--- SUPPLIED ENTRIES Enclosed Below ---

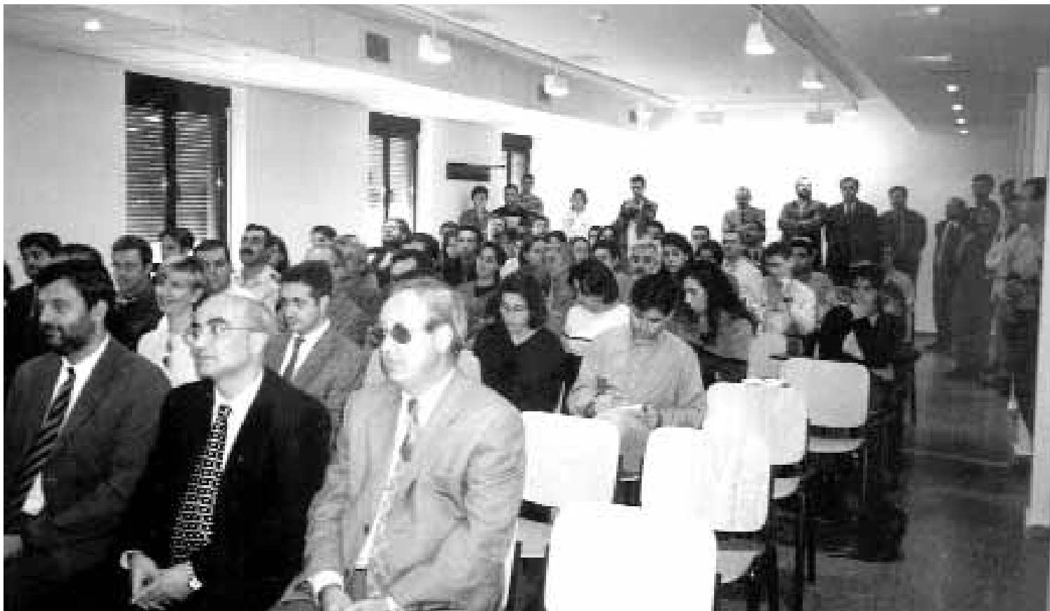
Acte de presentació de la nova extensió universitària a Ontinyent.

Els estudiants de l'extensió universitària d'Ontinyent valoren el tracte directe mig any després d'iniciar el curs
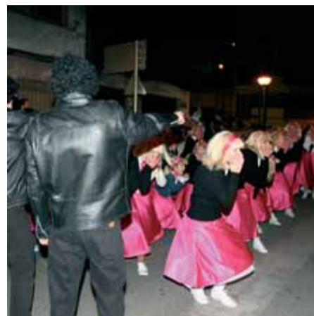
La més animada va ser la comparsa Grease 1 amb 64 components.
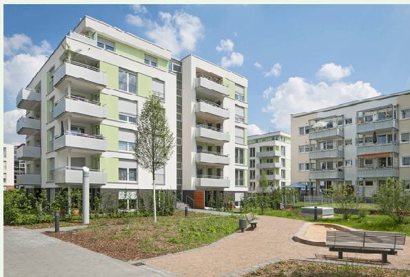
Klimaschutzsiedlung Garath. Bild: HGMB Architekten.

Die neuen fertiggestellten Häuser der „Klimaschutzsiedlung“ setzen die Weiterentwicklung des Stadtteils nun konsequent fort. Sie bildet als straßenbegleitende Bebauung den Kopf einer bestehenden, aber inzwischen energetisch sanierten „Plattenbausiedlung“ der Rheinwohnungsbau GmbH. Die vier neu errichteten Punkthäuser sind bis zu sechs Geschossen hoch und verfügen über insgesamt 65, zum Teil geförderte Wohnungen und ersetzen vier sieben-geschossige Laubenganghäuser, die, im Gegensatz zu den niedrigeren „Plattenbauten“, nicht mit vertretbarem Aufwand zu modernisieren waren.
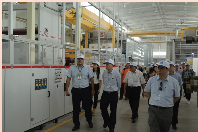
澳門企業代表團訪問江門製造業
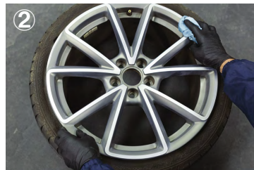
② インナーリムの汚れやグリース（油脂）をキレイに取り除いて下さい
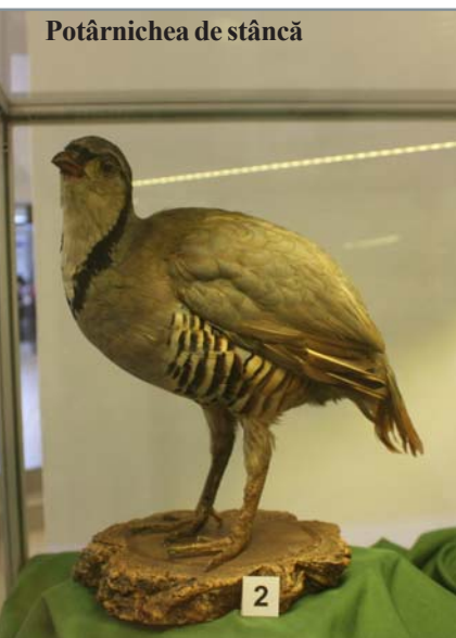
Potârnichea de stâncă

Cele mai multe piese din cadrul expoziției fac parte din categoria Fond a patrimoniului național, iar două – singurele, de altfel, pe care
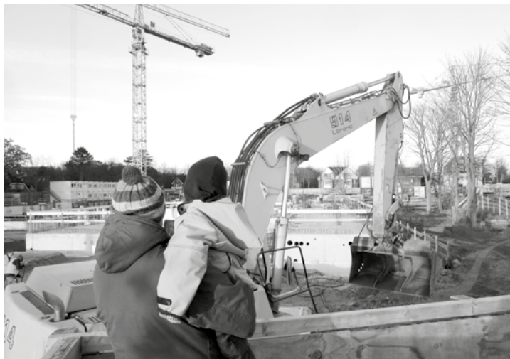
Die Aussichtsplattform an der Baustelle wird rege genutzt.

Noch gab es wegen Herbststürmen keine Verzögerungen. Die Bodenplatte für den Hotelkomplex ist fertig, das Untergeschoss wird Mitte Dezember fertiggestellt sein. 60 Leute, darunter je 15 Einschaler und Betonbauer sowie 30 Stahlfacharbeiter beleben wie Ameisen das Gelände. Verfüllarbeiten werden von der Wyker Tiefbaufirma getätigt. Um möglichst wenig mit den Bauarbeiten zu stören, wird strikt auf Bauzeiten geachtet. Von 8 Uhr bis 13 Uhr und von 15 bis 20 Uhr wird „in die Hände gespuckt“, am Samstag ist Dienst von 8 bis 13 Uhr. Die Arbeiter der Göttinger Bau-
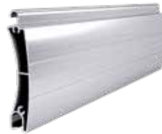
PE 55 Höhe des Profils: 55 mm Breite: 14 mm

--- End of Enclosed SUPPLIED ENTRIES ---

> [ACTIVITY] Nothing but the lines from the first line of the data above through the line holding "La més animada" may appear in the response, copied exactly and without pictures.

> [WRITTEN RESPONSE]
Acte de presentació de la nova extensió universitària a Ontinyent.

Els estudiants de l'extensió universitària d'Ontinyent valoren el tracte directe mig any després d'iniciar el curs
La més animada va ser la comparsa Grease 1 amb 64 components.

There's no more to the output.